Repeat every line of the data exactly; the pictures stay out.

*Information shown*:
┌────────

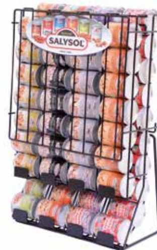
METAL DISPLAY 68 tins
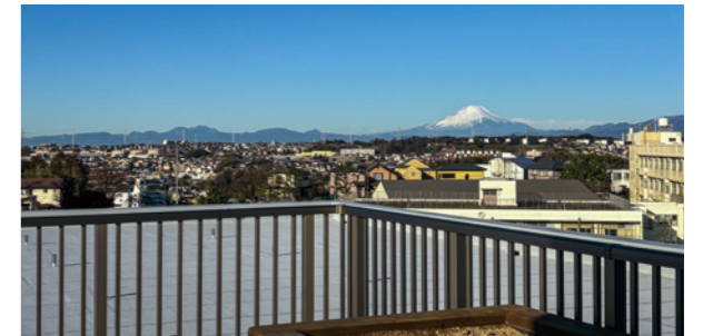
屋上には富士山を眺められるウッドデッキスペース
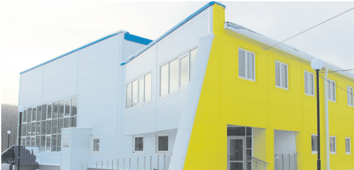
Работы в здании и на прилегающей территории выполнены в срок

└────────

*Solution to this exercise*:
METAL DISPLAY 68 tins
屋上には富士山を眺められるウッドデッキスペース
Работы в здании и на прилегающей территории выполнены в срок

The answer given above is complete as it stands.